[RECORD SET]:
□ □ □
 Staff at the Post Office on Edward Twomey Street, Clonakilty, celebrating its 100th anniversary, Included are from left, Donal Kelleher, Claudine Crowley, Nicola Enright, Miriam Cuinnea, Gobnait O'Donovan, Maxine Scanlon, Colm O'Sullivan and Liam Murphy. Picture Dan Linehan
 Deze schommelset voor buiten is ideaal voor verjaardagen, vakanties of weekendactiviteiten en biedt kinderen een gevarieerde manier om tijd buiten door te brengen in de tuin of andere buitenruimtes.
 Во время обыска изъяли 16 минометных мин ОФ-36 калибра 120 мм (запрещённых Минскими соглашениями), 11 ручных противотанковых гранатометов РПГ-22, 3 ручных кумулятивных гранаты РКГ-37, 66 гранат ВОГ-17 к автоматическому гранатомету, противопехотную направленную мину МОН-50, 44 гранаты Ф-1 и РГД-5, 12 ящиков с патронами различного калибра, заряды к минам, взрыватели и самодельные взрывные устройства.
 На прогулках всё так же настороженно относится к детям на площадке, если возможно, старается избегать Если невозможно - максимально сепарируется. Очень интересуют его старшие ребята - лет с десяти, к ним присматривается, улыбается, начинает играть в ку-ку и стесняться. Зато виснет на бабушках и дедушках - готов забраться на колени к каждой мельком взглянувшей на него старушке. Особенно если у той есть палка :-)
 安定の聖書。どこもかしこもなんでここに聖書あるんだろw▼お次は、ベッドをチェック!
□ □ □
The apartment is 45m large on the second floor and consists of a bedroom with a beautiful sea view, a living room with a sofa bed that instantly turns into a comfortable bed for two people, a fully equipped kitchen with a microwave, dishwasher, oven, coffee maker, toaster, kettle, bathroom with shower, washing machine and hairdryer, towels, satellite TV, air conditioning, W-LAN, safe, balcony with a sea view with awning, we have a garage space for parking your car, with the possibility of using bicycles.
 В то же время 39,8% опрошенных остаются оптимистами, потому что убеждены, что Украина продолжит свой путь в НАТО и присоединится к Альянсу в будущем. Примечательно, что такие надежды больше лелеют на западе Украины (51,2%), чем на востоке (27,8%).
□ □ □
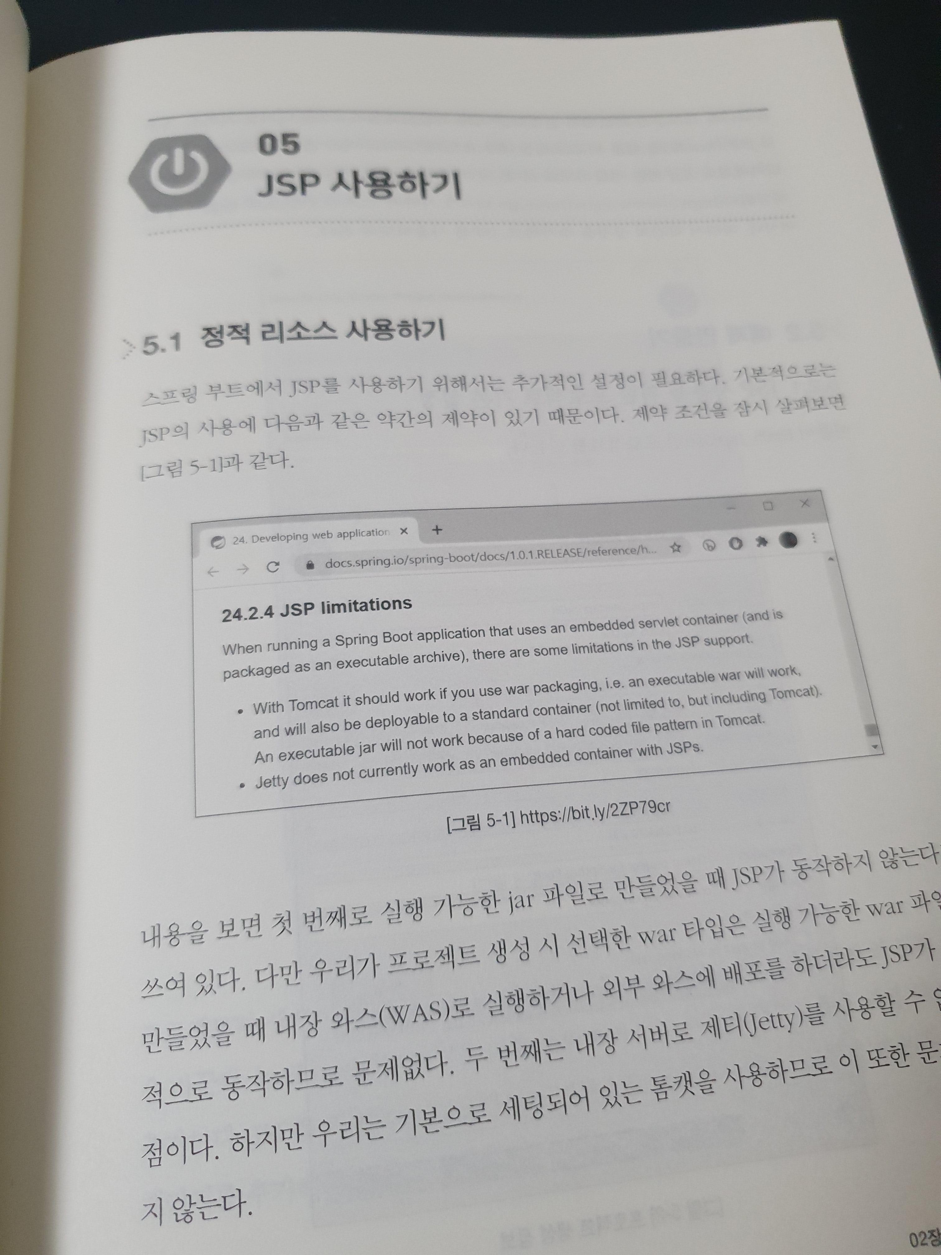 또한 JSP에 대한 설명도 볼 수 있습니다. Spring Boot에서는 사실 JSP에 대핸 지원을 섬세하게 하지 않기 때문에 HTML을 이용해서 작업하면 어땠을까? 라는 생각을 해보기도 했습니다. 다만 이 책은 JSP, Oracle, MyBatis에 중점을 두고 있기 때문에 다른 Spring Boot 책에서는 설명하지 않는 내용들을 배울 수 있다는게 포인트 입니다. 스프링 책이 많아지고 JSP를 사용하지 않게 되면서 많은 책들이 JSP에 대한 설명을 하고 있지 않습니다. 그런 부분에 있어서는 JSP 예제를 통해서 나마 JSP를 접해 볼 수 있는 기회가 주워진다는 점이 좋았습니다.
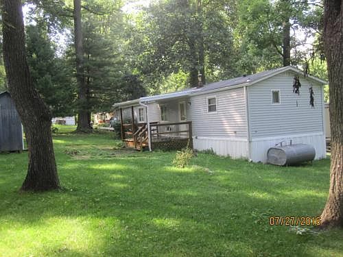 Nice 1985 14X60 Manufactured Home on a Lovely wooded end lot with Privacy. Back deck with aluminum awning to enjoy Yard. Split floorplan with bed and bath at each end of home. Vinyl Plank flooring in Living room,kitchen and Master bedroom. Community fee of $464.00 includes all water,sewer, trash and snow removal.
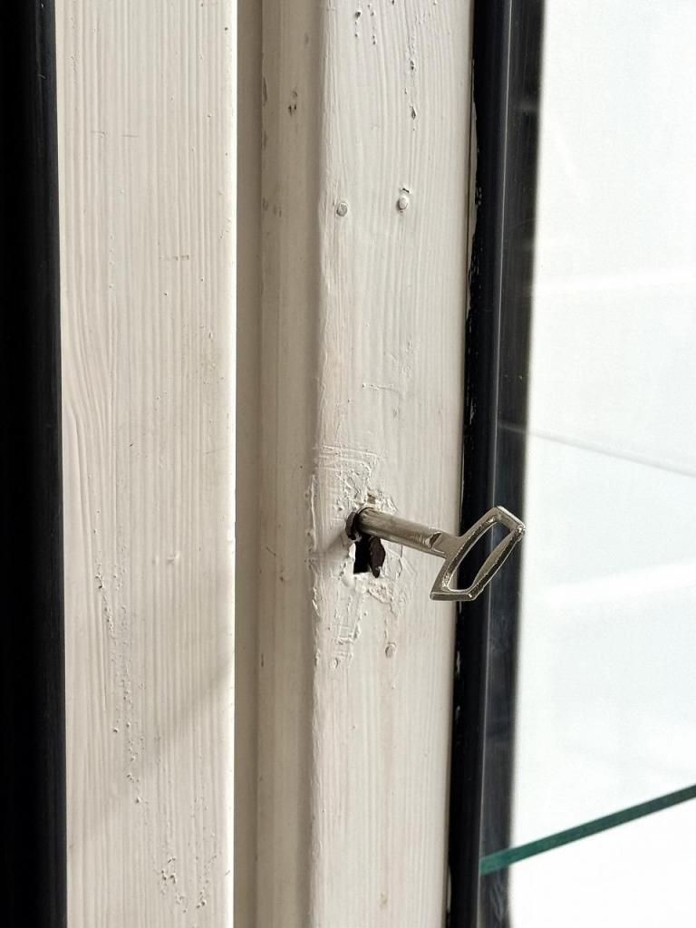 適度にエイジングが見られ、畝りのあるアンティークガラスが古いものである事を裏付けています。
□ □ □
[WORK REQUIRED]: In the data above, find the line with "На прогулках всё" and the line with "安定の聖書。どこもかしこもな". Retype both, plus every line between them, exactly.

[RESPONSE TO THIS EXERCISE]:
 На прогулках всё так же настороженно относится к детям на площадке, если возможно, старается избегать Если невозможно - максимально сепарируется. Очень интересуют его старшие ребята - лет с десяти, к ним присматривается, улыбается, начинает играть в ку-ку и стесняться. Зато виснет на бабушках и дедушках - готов забраться на колени к каждой мельком взглянувшей на него старушке. Особенно если у той есть палка :-)
 安定の聖書。どこもかしこもなんでここに聖書あるんだろw▼お次は、ベッドをチェック!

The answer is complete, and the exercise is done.